Information ▸
---------------

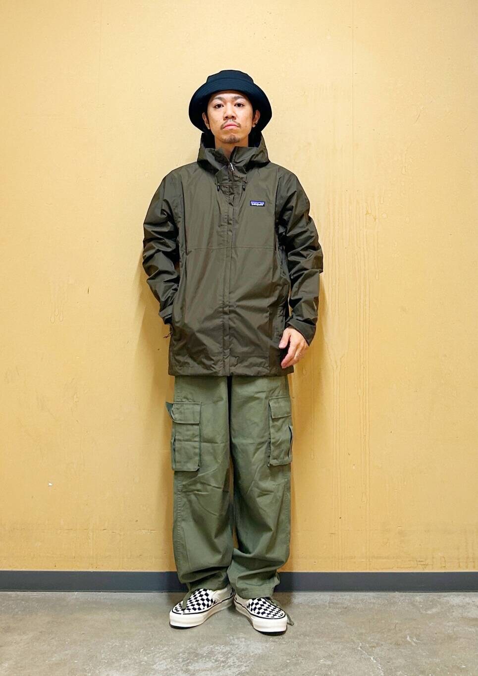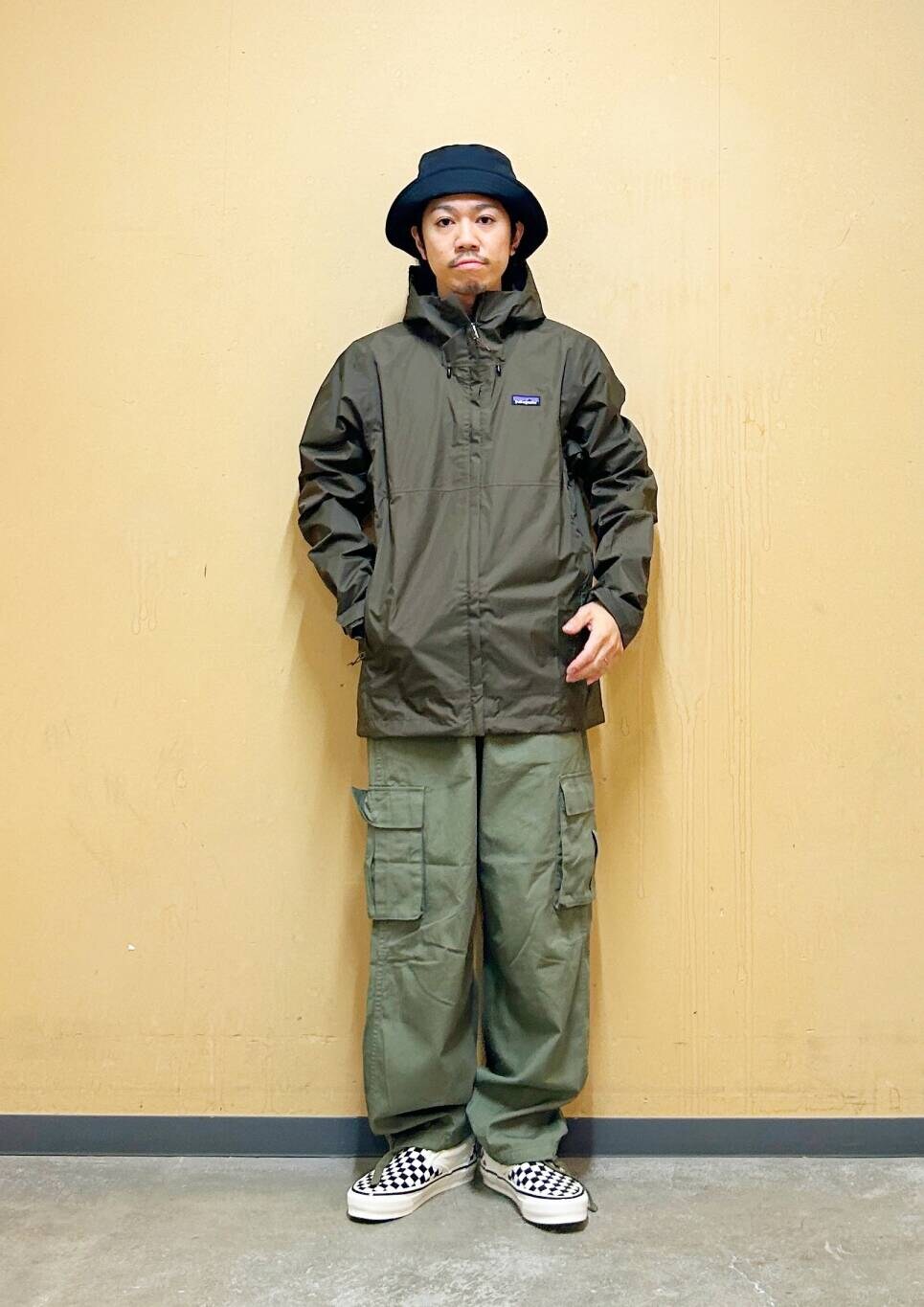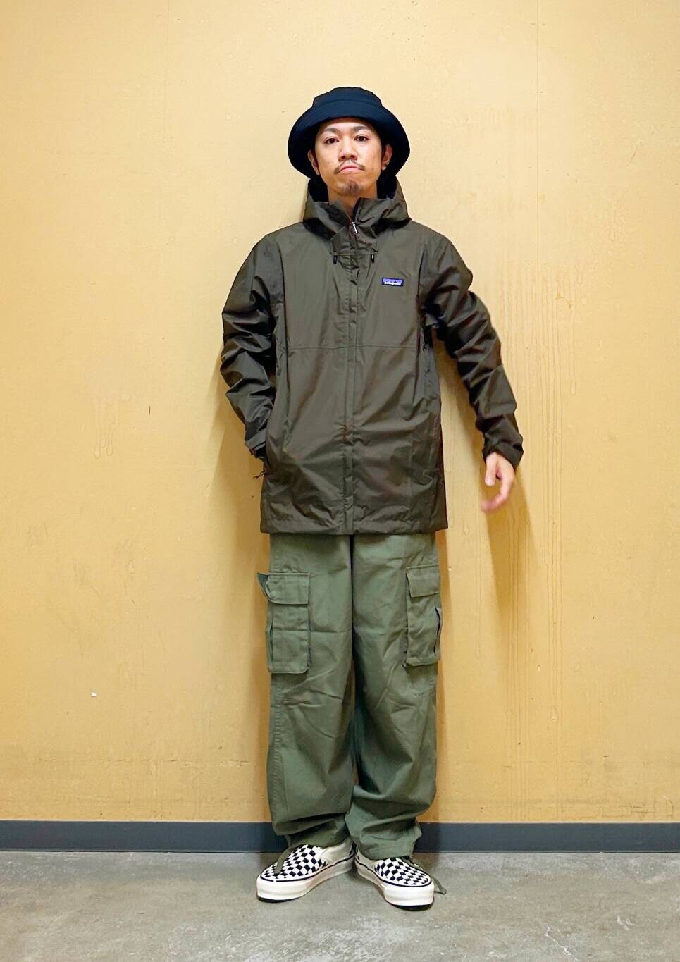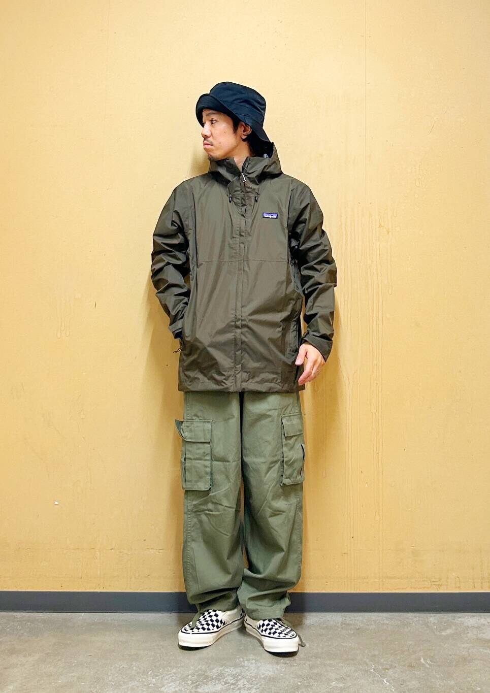 今回はpatagonia Torrentshell 3L Rain Jacketとカーゴパンツを使用したコーディネート。
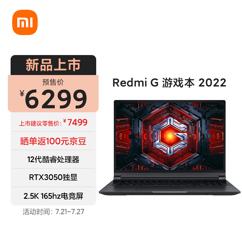 小编 7 月 21 日消息,Redmi G 2022 游戏本今天开启预售,采用 2.5K 165Hz 电竞屏,首发价 6299 元起,7 月 27 日 0 点全渠道开售。
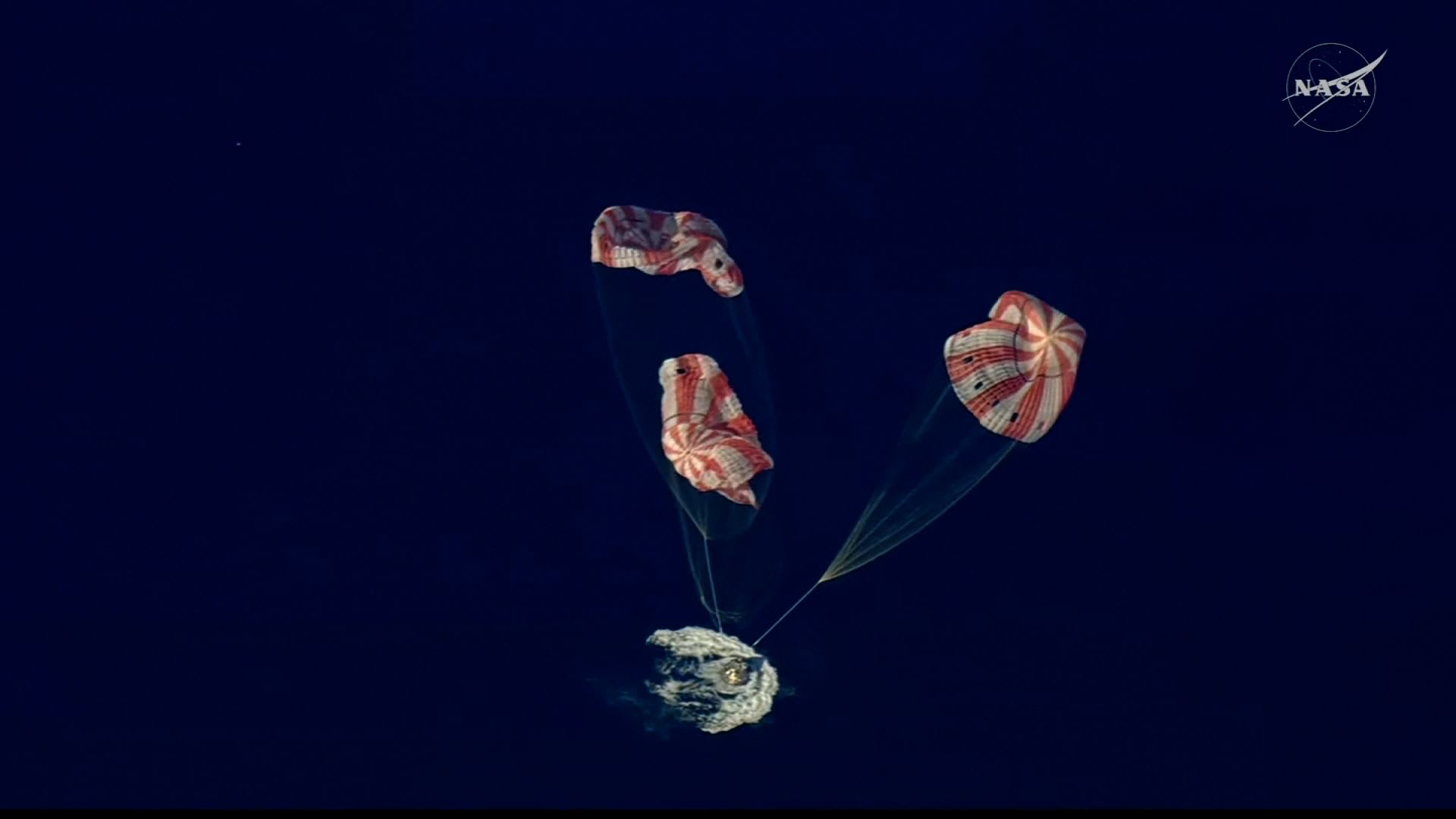 شاهد لحظة هبوط مركبة أوريون وملامستها سطح المحيط الهادئ
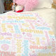 Cute preppy inspired graphic personalised name blanket. This muted soft aqua blue, pink, coral, yellow and dusky pink text typographical blanket can also be customised with your own short name, currently reads Sophie. Other names and colours available or contact me for name requests. This original graphic line art featuring up beat smiling faces, butterflies, flowers, rainbow stripes and stars and is designed by Sarah Trett for exclusively for www.mylittleeden.com
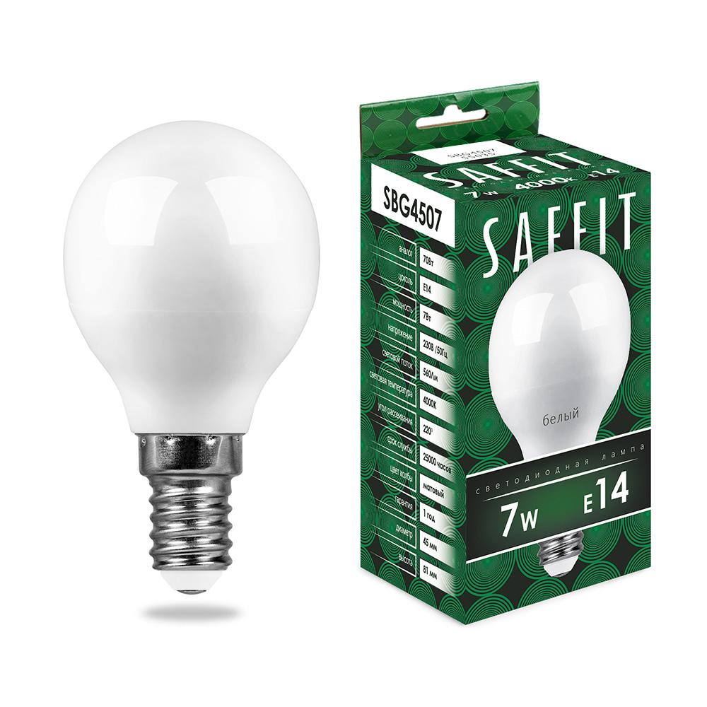 Технические характеристики «Лампа светодиодная SAFFIT SBG4507 Шарик E14 7W 230V 4000K»

---------------

Task brief ▸ Each line from the one containing "Cute preppy inspired" to the final line of the data must be printed exactly, both included, with nothing else and no pictures.

Written solution ▸
 Cute preppy inspired graphic personalised name blanket. This muted soft aqua blue, pink, coral, yellow and dusky pink text typographical blanket can also be customised with your own short name, currently reads Sophie. Other names and colours available or contact me for name requests. This original graphic line art featuring up beat smiling faces, butterflies, flowers, rainbow stripes and stars and is designed by Sarah Trett for exclusively for www.mylittleeden.com
 Технические характеристики «Лампа светодиодная SAFFIT SBG4507 Шарик E14 7W 230V 4000K»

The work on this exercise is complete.